13th President of Fisk University
- In office 2001 – October 2003
- Preceded by: John L. Smith
- Succeeded by: Hazel R. O'Leary

Assistant Secretary of Education for Postsecondary Education
- In office December 3, 1991 – 1993
- President: George H. W. Bush
- Preceded by: Leonard L. Haynes III
- Succeeded by: David Longanecker

Personal details
- Born: June 26, 1942 (age 83) Williamsburg, Virginia, U.S.
- Children: 1
- Education: Fisk University Adelphi University George Washington University

= Carolynn Reid-Wallace =

American academic administrator (born 1942)

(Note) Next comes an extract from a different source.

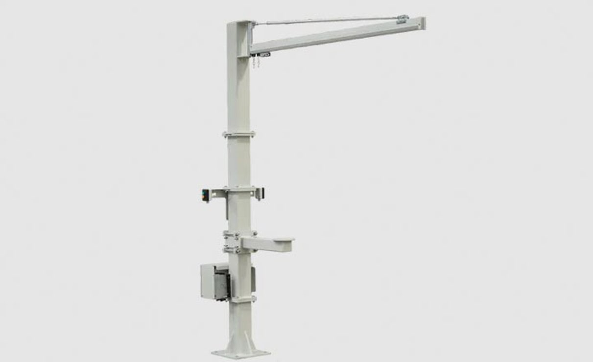 In most cases, there is no need for fencing for this collaborative solution, and the workforce can work side by side with the Cobot Lift. This solution comes with an arm for the UR10, to be mounted on a steel crane, and it can be configured for double palletizing.

Carolynn Reid-Wallace (born June 26, 1942) is an American academic administrator who served as president of Fisk University from 2001 to 2003. She was the assistant secretary of education for postsecondary education from 1991 to 1993.

== Life ==
Reid-Wallace was born to Nathaniel H. Reid Jr. and Mary Reid on June 26, 1942, in Williamsburg, Virginia. In 1960, she graduated from Bruton Heights \ School. She graduated from Fisk University with a B.A. in speech and drama in 1964. She earned an M.A. in dramatic literature from Adelphi University in 1965.

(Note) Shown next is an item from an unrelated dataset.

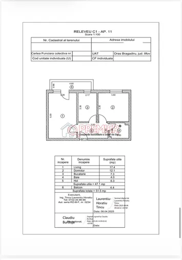 STU - SUPRAFAȚA TOTALĂ UTILĂ: 51.5 mp,SUPRAFAȚĂ TERASE/BALCOANE: 4.4 mp
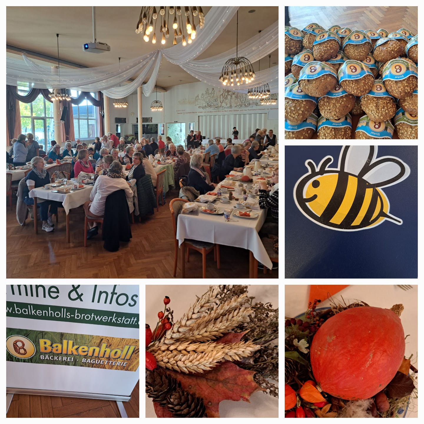 107 LandFrauen kamen zur Erntedankfeier mit Frühstücksbüffet in das Schützenhaus Peine. Herr Balkenholl, Bäckermeister und Brotsomelier aus Sievershausen, stellte seinen seinen Betrieb und vor und sagte, wie wichtig für ihn die Regionalität ist. Seine Rohstoffe bezieht er aus der Region, er arbeitet mit der ortsansässigen Landwirtschaft zusammen. Eier und Milch kommen aus dem Umkreis und ein befreundeter Landwirt baut für Balkenholl den Dinkel an, der in einer Mühle in Langelsheim für ihn verarbeitet wird.

Reid-Wallace taught the humanities at Talladega College, Howard University, Grinnell College and Bowie State University. At Bowie State University, she served as the dean of instruction from 1974 to 1975, dean of undergraduate studies from 1975 to 1976, dean of the college and vice president for academic affairs from 1976 to 1978, and as the acting chief executive from 1977 to 1978. From 1979 to 1980, she was the director of the NAFEO/NEH humanities program. She completed a Ph.D. in English and American literature at the Columbian College of Arts and Sciences at George Washington University in 1981. Her dissertation was titled, Jean Toomer: Death on the Modern Desert. Reid-Wallace was the director for the National Association for Equal Opportunity in Higher Education Clearinghouse (NAFEO) from 1981 to 1982. In 1982, Reid-Wallace became the at the National Endowment for the Humanities. In 1987, U.S. president Ronald Reagan appointed her as a member of the National Council on the Humanities, succeeding Samuel DuBois Cook. Her term was set to expire on January 26, 1992. She served as the vice chancellor for academic affairs of City University of New York from 1987 to 1991.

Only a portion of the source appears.